The results from the published studies on the association between angiotensin-converting enzyme (ACE) insertion/deletion (I/D) gene polymorphism and the treatment response to steroid in Asian children with idiopathic nephrotic syndrome (INS) is still conflicting. This meta-analysis was performed to evaluate the relation between ACE I/D gene polymorphism and treatment response to steroid in Asian children and to explore whether ACE D allele or DD genotype could become a predictive marker for steroid responsiveness.

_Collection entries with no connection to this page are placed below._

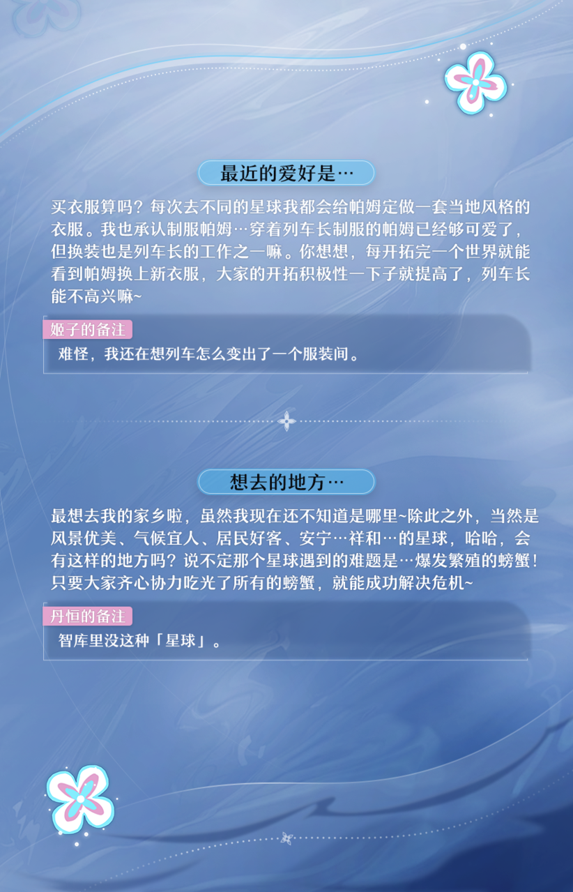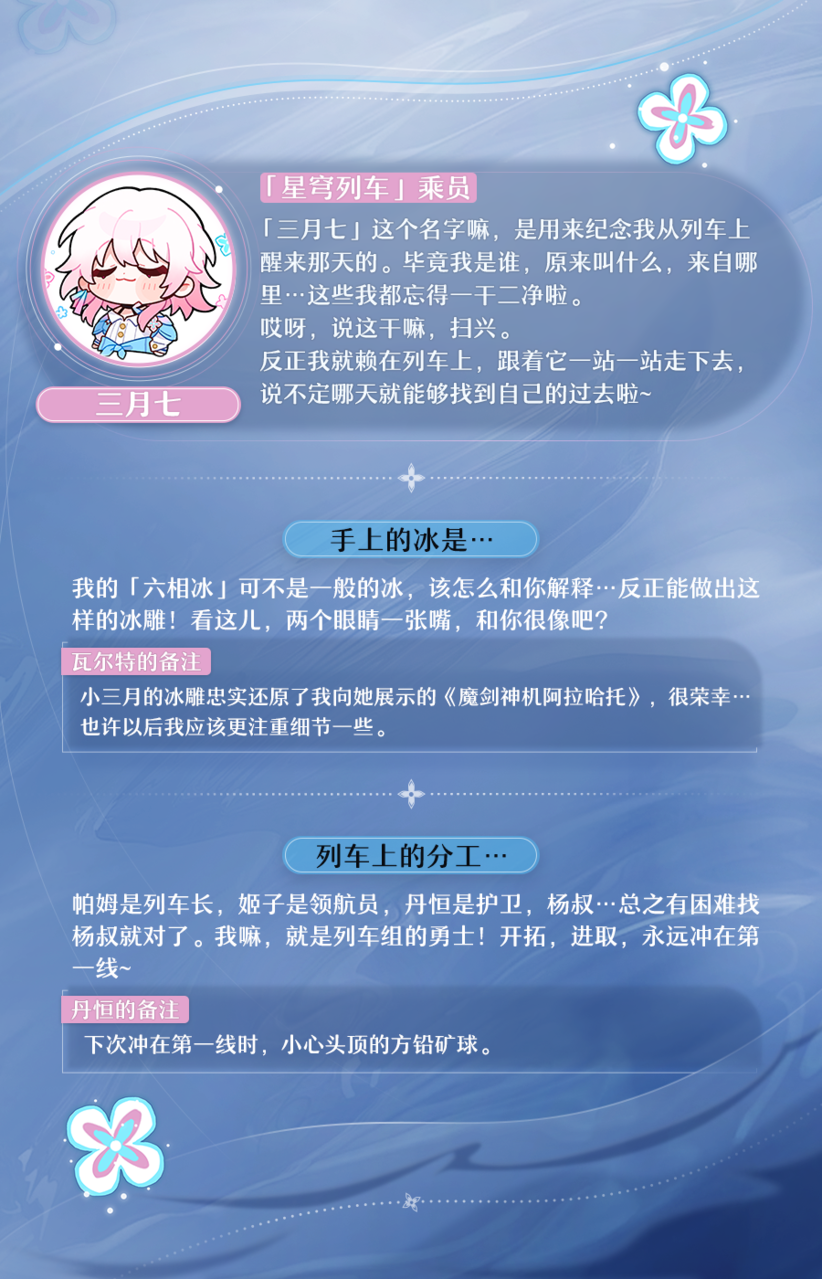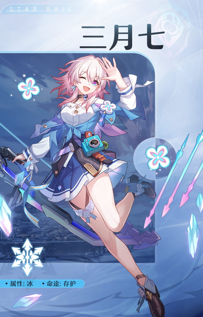 「角色介绍 | 三月七」小光高能速递发布于 2022-04-22关注 「三月七」这个名字嘛,是用来纪念我从列车上醒来那天的。 毕竟我是谁,原来叫什么,来自哪里…这些我都忘得一干二净啦。 哎呀,说这干嘛,扫兴。 反正我就赖在列车上,跟着它一站一站走下去,说不定哪天就能够找到自己的过去啦~ 三月七角色PV——「来,拍照啦!」 01:53
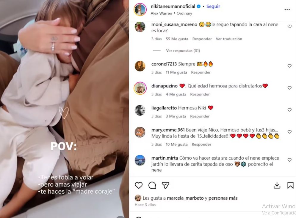 El posteo que hizo explotar las críticas fue uno donde se la vio en un avión con su hijo Cruz en brazos, a quien le tapó la cara con la mano.
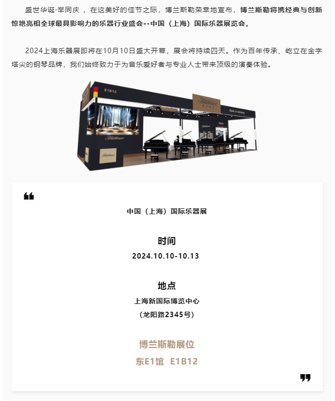 2024上海樂器展即將來襲丨博蘭斯勒將攜經(jīng)典與創(chuàng)新驚艷亮相!
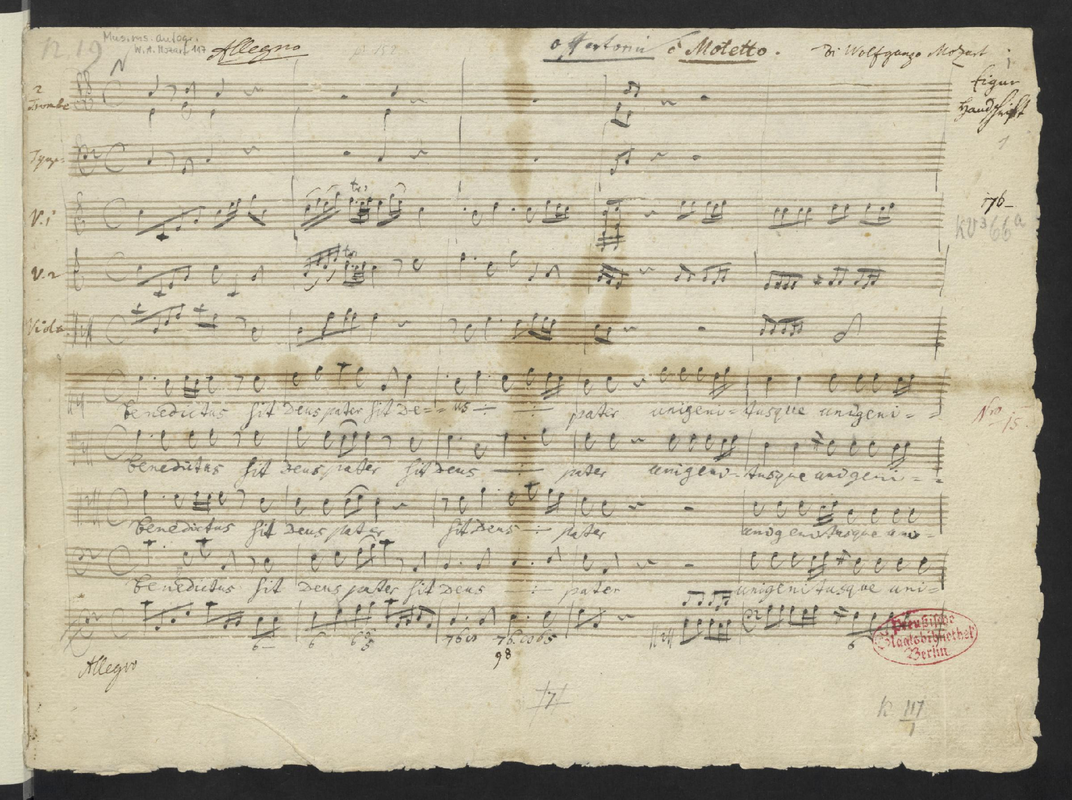 Misc. Notes Staatsbibliothek zu Berlin (D-B): Mus.ms.autogr. Mozart, W. A. 117

Methodology/Principal Findings

Association studies were identified from the databases of PubMed, Embase, Cochrane Library and CBM-disc (China Biological Medicine Database) as of September 1, 2010, and eligible investigations were synthesized using meta-analysis method. Five investigations were identified for the analysis of association between ACE I/D gene polymorphism and steroid-resistant nephrotic syndrome (SRNS) risk in Asian children and seven studies were included to explore the relationship between ACE I/D gene polymorphism and steroid-sensitive nephrotic syndrome (SSNS) susceptibility. Five investigations were recruited to explore the difference of ACE I/D gene distribution between SRNS and SSNS. There was no a markedly association between D allele or DD genotype and SRNS susceptibility or SSNS risk, and the gene distribution differences of ACE between SRNS and SSNS were not statistically significant. II genotype might play a positive role against SRNS onset but not for SSNS (OR?=?0.51, P?=?0.02; OR?=?0.95, P?=?0.85; respectively), however, the result for the association of II genotype with SRNS risk was not stable.


Our results indicate that D allele or DD homozygous can't become a significant genetic molecular marker to predict the treatment response to steroid in Asian children with INS.